Xenpozyme Special Precautions

Traceability: In order to improve the traceability of biological medicinal products, the name and the batch number of the administered medicinal product should be clearly recorded.
Absence of blood-brain barrier transfer: Xenpozyme is not expected to cross the blood-brain barrier or modulate the CNS manifestations of the disease.
Infusion associated reactions (IARs): IARs occurred in approximately 58% of patients treated with Xenpozyme in clinical studies. These IARs included hypersensitivity reactions and acute phase reactions (see Adverse Reactions). The most frequent IARs were headache, urticaria, pyrexia, nausea and vomiting (see Adverse Reactions). IARs typically occurred between the time of infusion and up to 24 hours after infusion completion.
Hypersensitivity/anaphylaxis: Hypersensitivity reactions, including anaphylaxis, have been reported in Xenpozyme-treated patients (see Adverse Reactions). In clinical studies, hypersensitivity reactions occurred in 7 (17.5%) adult and 9 (45%) paediatric patients including one paediatric patient who experienced anaphylaxis.
Management: Patients should be observed closely during and for an appropriate period of time after the infusion, based on clinical judgement. Patients must be informed of the potential symptoms of hypersensitivity/anaphylaxis and instructed to seek immediate medical care should symptoms occur. IARs management should be based on the severity of signs and symptoms and may include temporarily interrupting the Xenpozyme infusion, lowering the infusion rate, and/or appropriate medical treatment.
If severe hypersensitivity or anaphylaxis occurs, Xenpozyme should be discontinued immediately, and appropriate medical treatment should be initiated. The patient who experienced anaphylaxis in the clinical study underwent a tailored desensitization regimen that enabled the patient to resume long-term treatment with Xenpozyme at the recommended maintenance dose. The prescriber should evaluate the risks and benefits of Xenpozyme re-administration following anaphylaxis or severe hypersensitivity reaction. If considering re-administration of Xenpozyme following anaphylaxis, the prescribing physician should contact the local Sanofi representative for advice on re-administration. In such patients, extreme caution should be exercised, with appropriate resuscitation measures available, when Xenpozyme is readministered.
If mild or moderate IARs occur, the infusion rate may be slowed or temporarily stopped, the duration of each step for an individual infusion increased, and/or the Xenpozyme dose reduced. If a patient requires a dose reduction, re-escalation should follow dose escalation described in Table 7 and Table 8 for adult and paediatric patients, respectively (see Dosage & Administration).
Patients may be pre-treated with antihistamines, antipyretics, and/or glucocorticoids to prevent or reduce allergic reactions.
Immunogenicity: Treatment-emergent antidrug antibodies (ADA) were reported in adult and paediatric patients during the clinical trials (see Adverse Reactions). IARs and hypersensitivity reactions may occur independent of the development of ADA. The majority of IARs and hypersensitivity reactions were mild or moderate and were managed with standard clinical practices.
IgE ADA testing may be considered for patients who experienced a severe hypersensitivity reaction to olipudase alfa.
While in clinical studies, no loss of efficacy was reported, IgG ADA testing may be considered in case of loss of response to therapy.
Transient transaminases elevation: Transient transaminase elevations (ALT or AST) within 24 to 48 hours after infusions were reported during the dose escalation phase with Xenpozyme in clinical studies (see Adverse Reactions). At the time of the next scheduled infusion, these elevated transaminase levels generally returned to the levels observed prior to the Xenpozyme infusion.

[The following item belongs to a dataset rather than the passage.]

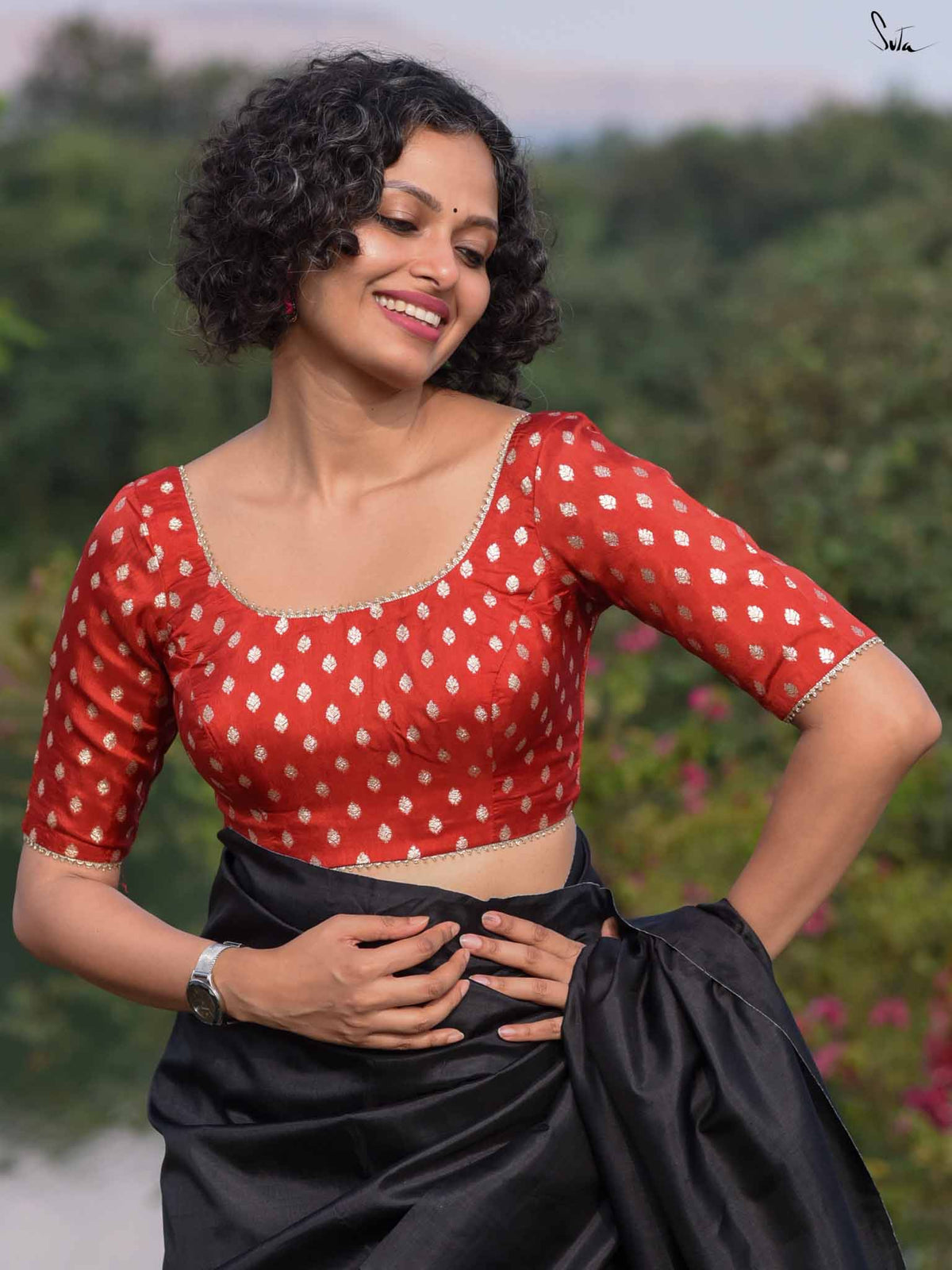 Prajna Sikha is a red brocade blouse with lace accents, crafted for effortless style. Its round neckline, elbow sleeves, and back hook closure make it both classic and contemporary.

Transaminases (ALT and AST) levels should be obtained within 1 month prior to Xenpozyme treatment initiation (see Dosage & Administration). During dose escalation or upon resuming treatment following missed doses, transaminases levels should be obtained within 72 hours prior to the next scheduled Xenpozyme infusion. If either the baseline or a pre-infusion transaminase level is > 2 times the ULN during dose escalation, then additional transaminase levels should be obtained within 72 hours after the end of the infusion. If the pre-infusion transaminase levels are elevated above baseline and > 2 times the ULN, the Xenpozyme dose can be adjusted (prior dose repeated or reduced) or treatment can be temporarily withheld in accordance with the degree of transaminase elevation (see Dosage & Administration).
Upon reaching the recommended maintenance dose, transaminase testing can be performed as part of routine clinical management of ASMD.
Sodium content: This medicinal product contains 3.02 mg sodium per vial, equivalent to 0.15% of the WHO recommended maximum daily intake of 2 g sodium for an adult or an adolescent, and ≤ 0. 38% of the maximum acceptable daily intake of sodium for children below 16 years of age.
Effects on ability to drive and use machines: Because hypotension has been reported in clinical studies, Xenpozyme may have minor influence on the ability to drive and use machines (see Adverse Reactions).